Biological Characteristics and Predictive Model of Biopsy-Proven Acute Rejection (BPAR) After Kidney Transplantation: Evidences of Multi-Omics Analysis

Qianguang Han; Xiang Zhang; Xiaohan Ren; Zhou Hang; Yu Yin; Zijie Wang; Hao Chen; Li Sun; Jun Tao; Zhijian Han; Ruoyun Tan; Min Gu; Xiaobing Ju

doi:10.3389/fgene.2022.844709

Biological Characteristics and Predictive Model of Biopsy-Proven Acute Rejection (BPAR) After Kidney Transplantation: Evidences of Multi-Omics Analysis

Front Genet. 2022 Mar 21:13:844709. doi: 10.3389/fgene.2022.844709. eCollection 2022.

Authors

Qianguang Han¹, Xiang Zhang², Xiaohan Ren¹, Zhou Hang³, Yu Yin¹, Zijie Wang¹, Hao Chen¹, Li Sun¹, Jun Tao¹, Zhijian Han¹, Ruoyun Tan¹, Min Gu³, Xiaobing Ju¹

Affiliations

¹ Department of Urology, The First Affiliated Hospital of Nanjing Medical University, Nanjing, China.
² Department of Urology, Affiliated Hospital of Nantong University, Nantong, China.
³ Department of Urology, The Second Affiliated Hospital of Nanjing Medical University, Nanjing, China.

Abstract

Objectives: Early diagnosis and detection of acute rejection following kidney transplantation are of great significance for guiding the treatment and improving the prognosis of renal transplant recipients.

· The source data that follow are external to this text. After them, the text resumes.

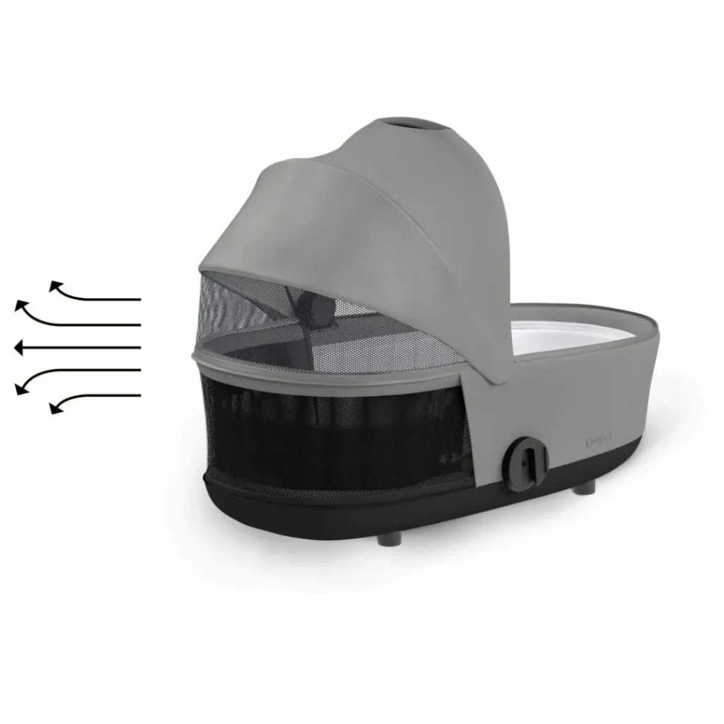 Nacelle Mios Lux Carry Cot (Dès la naissance jusqu’à 9 kg) : Canopy pare-soleil avec protection solaire UPF50+, Poignée de transport intégrée, Visière extensible, Boutons mémoire, Vue panoramique et ventilation optimale, Matelas extra confort
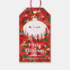 Ein weiße Weihnachtsschmuck mit einer Silhouette Weihnachtsmann und seinem Schlitten, immergrünen Bäumen, den Worten Frohe Weihnachten und deinem Familiennamen in schicker Schrift sind auf einem abstrakten Urlaubsmuster Hintergrund zu diesen Gunsten oder Geschenkmarken dargestellt.
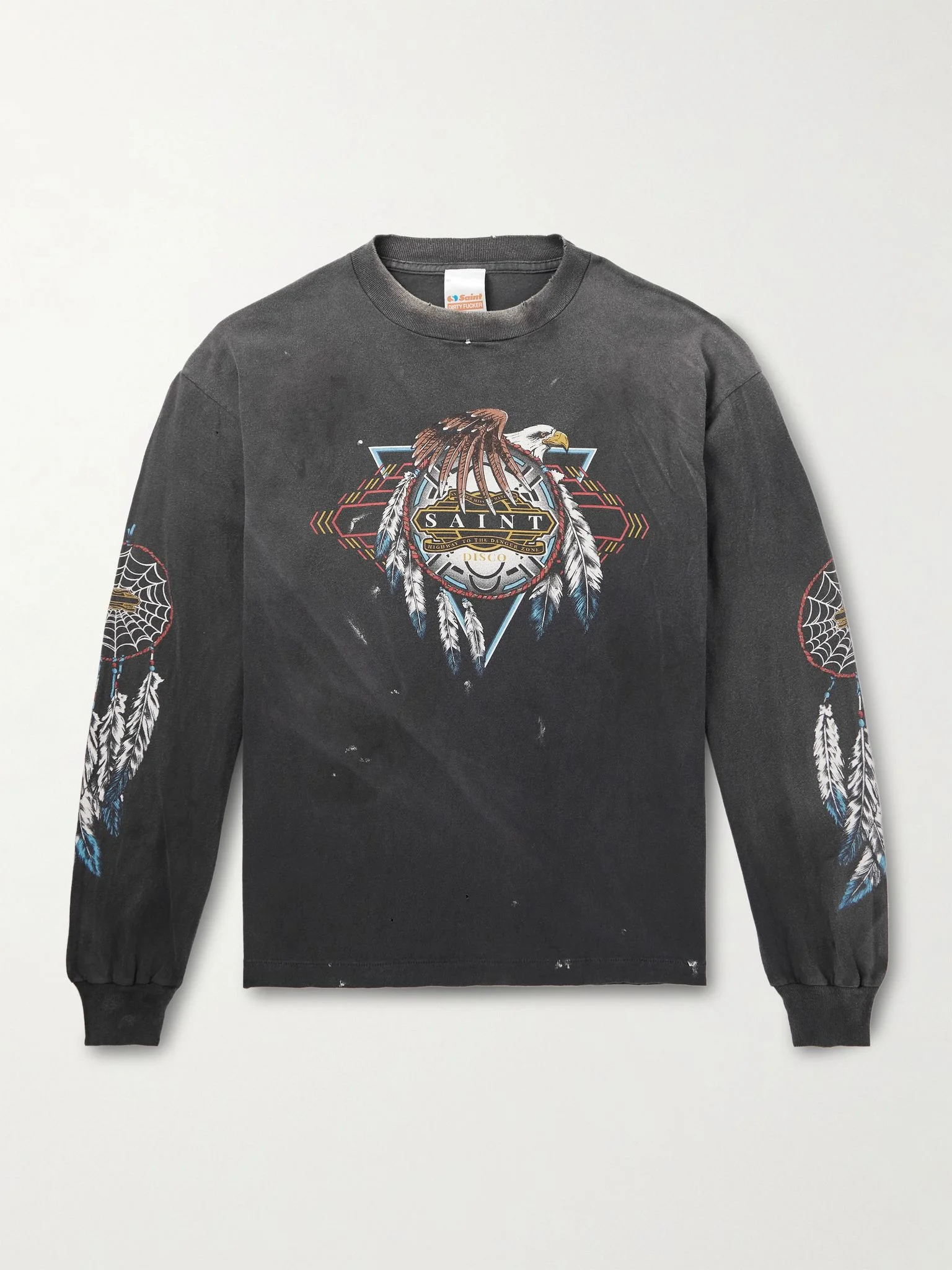 Made in collaboration with streetwear label TEFLON DISCO, SAINT Mxxxxxx says this T-shirt is all about "bold energy and effortless style". It's cut for a relaxed fit from soft cotton-jersey and has a faded wash. Size & Fit - Fits true to size. Take your normal size - Designed for a relaxed fit - Mid-weight, stretchy fabric - Model is shown wearing a M - Model measures: chest 38"/ 96cm, height 6'0"/ 183cm Details & Care - Black cotton-jersey - 100% cotton - Dry clean

In this study, we are aimed to explore the biological characteristics of biopsy-proven acute rejection (BPAR) and establish a predictive model. Methods: Gene expression matrix of the renal allograft samples in the GEO database were screened and included, using Limma R package to identify differentially expressed transcripts between BPAR and No-BPAR groups. Then a predictive model of BPAR was established based on logistic regression of which key transcripts involved in the predictive model were further explored using functional enrichment analyses including Gene Ontology analysis (GO), Kyoto Encyclopedia of Genes and Genomes (KEGG) pathway analysis, and Gene Set Enrichment Analysis (GSEA). Results: A total of four studies (GSE129166, GSE48581, GSE36059, and GSE98320) were included for extensive analysis of differential expression. 32 differential expressed transcripts were observed to be significant between two groups after the pooled analysis. Afterward, a predictive model containing the five most significant transcripts (IDO1, CXCL10, IFNG, GBP1, PMAIP1) showed good predictive efficacy for BPAR after kidney transplantation (AUC = 0.919, 95%CI = 0.902-0.939). Results of functional enrichment analysis showed that The functions of differential genes are mainly manifested in chemokine receptor binding, chemokine activity, G protein-coupled receptor binding, etc. while the immune infiltration analysis indicated that immune cells mainly related to acute rejection include Macrophages. M1, T cells gamma delta, T cells CD4 memory activated, eosinophils, etc. Conclusion: We have identified a total of 32 differential expressed transcripts and based on that, a predictive model with five significant transcripts was established, which was suggested as a highly recommended tool for the prediction of BPAR after kidney transplantation. However, an extensive study should be performed for the evaluation of the predictive model and mechanism involved.

Keywords: bioinformatics analysis; biopsy-proven acute rejection (BPAR); gene expression omnibus; kidney transplantation; predictive model.